"Why do you write?" After being asked this question so often, I find myself not being able to answer it. I've been trying to explain to people that I write to express my emotions in a healthy way. Using writing as a coping mechanism. It's no secret that I'm a mess right now (especially if you've been reading my other posts recently, I promise they won't all be so sad/upsetting). Writing how I feel and think about my current situation, my past, my trauma, people I have relationships with, etc. helps me rationalize all my thoughts and helps me process everything going on. Which has been really nice since I feel like I'm losing my mind all the freaking time lately. It helps me figure out what I really want to say to people, cope a little bit better, and understand myself more in a way.
I write for empathy. I want someone, even if it's just one person, to know that they're not the only one that feels so bad at times. It's so hard to get through anxiety, depression, an addiction, or whatever is making you feel so awful, by yourself. To feel like no one experiences the emotions you harbor inside. To feel like no one just quite, gets it the same way. To think that, you're left alone in your own f**ked up world. Its hard. I find comfort in empathy, so I'm sure other people do too.
I write to speak my mind. I have been known as the loud mouth girl, and that's who everyone in my small hometown knows me as. I love to talk. I'll gabber on and on if you let me. Writing gives me a way to say whatever I want, without being in someone's face about it. If you don't care to know what I have to say, then cool. (But if you are reading this and my other posts, you must care for some small reason ? )
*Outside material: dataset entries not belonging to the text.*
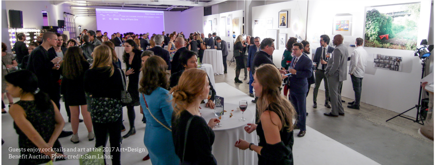
Guests enjoy cocktails and art at the 2017 Art+Design Benefit Auction.
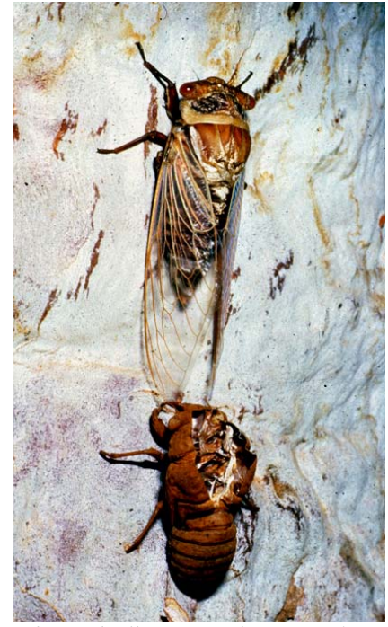
Tibicen dealbata recently emerged from nymphal skin.

Adults typically live in the canopy of trees for a few weeks. The males produce loud songs, a droning buzz that is typical of the 'dog-days' of midsummer. Cicada singing is used to attract females that, after mating, will insert eggs into twigs.
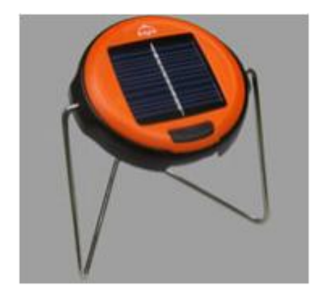
Exhibit 10C. The S1.
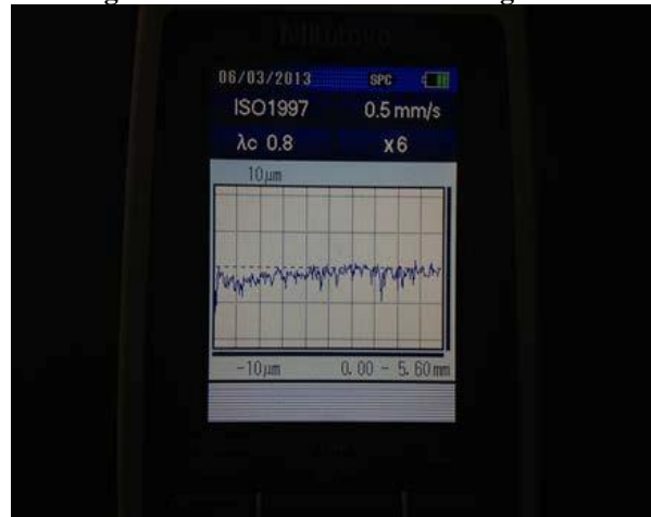
Fig-3: Surface Roughness Illustration

The mathematical relationship between responses and machining parameters was established using the multiple regression analysis. In the present study, the correlation between the process parameters cutting speed, feed rate, depth of cut, number of cutting edges, step over distance and surface roughness are established.
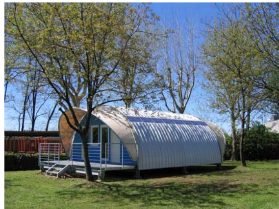
Figures 1-2: On the left, high energy-efficient building in Colognola (BG), Italy. On the right, L'Armadillo, a new industrialized system for light, energy-efficient, permanent and temporary buildings (Atelier2, Milano).
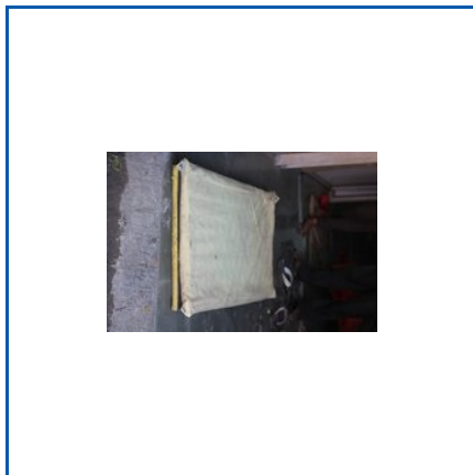
WELDING HEAT RESISTANT PAD
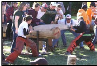
Forest Festival Day cross-cut saw competition.

first school of forestry. Over 400 people were invited to this celebration of the beginnings of American Forestry. Today we commemorate Schenck's Forest Fair along the 1-mile Forest Festival Trail and annual Forest Festival Day where traditional craftsmen, exhibitors, forestry students, and entertainers are invited to present their skills and craftsmanship. Approximately $2,000 of Recreation Fee dollars were used.
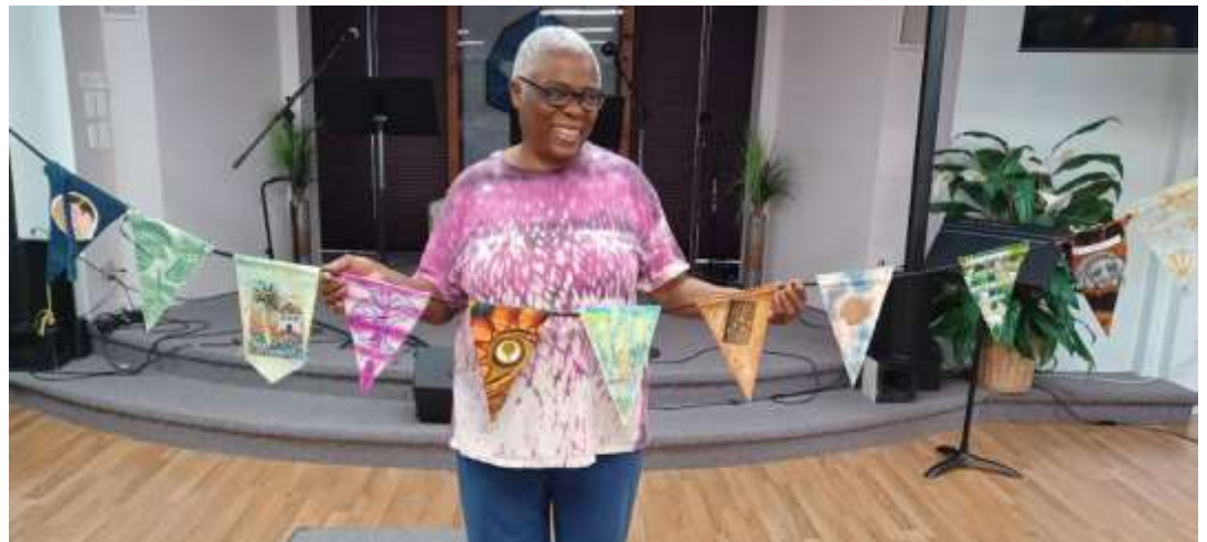
Angie's Stencil
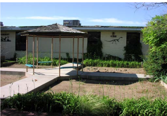
Archeological Dig Area
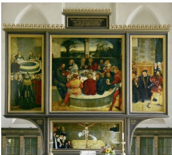
📌 Cranach altar in St Mary's Church, 1547
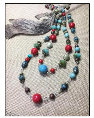
Boho Necklace with the 1-Step Looper
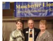
Manchester/Nashua 95th Anniversary
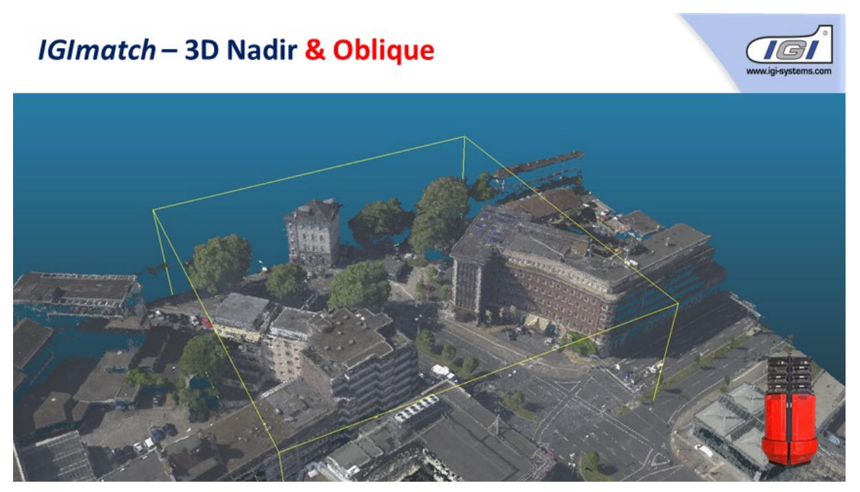
Figure 5: IGImatch 3D Nadir & Oblique View.

For Figure 4 only nadir imagery was processed and house façades have information lacks, using nadir & oblique imagery the house façades are clear and clean.
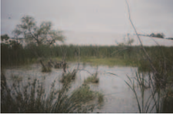
Plate 8. View of site M2 in Cherokee County, Kansas. A man-made pool at the edge of a pile of mining spoils (chat) left over from lead and zinc mining. DOI: 10.1514/journal.arc.0040014g009

I write to tell people how I feel. I often write entries or letters that are meant for specific people, but usually they never read it. And it's okay because, they don't always need to know how you feel. I think it can be unwise to let someone see all your cards, so to speak. I think this idea is wonderful; it helps me get everything in my head straightened out. And I don't think its a bad thing to let 'em wonder a little sometimes.
Its comforting to me knowing that I have no way to tell who views my posts, but that people do read them. So, I thank you for that. Writing isn't about getting tons of views or shares or whatever. Writing, to me, is about just feeling okay. Everyone knows I'm a mess anyway. Might as well make it interesting while I try and heal a bit.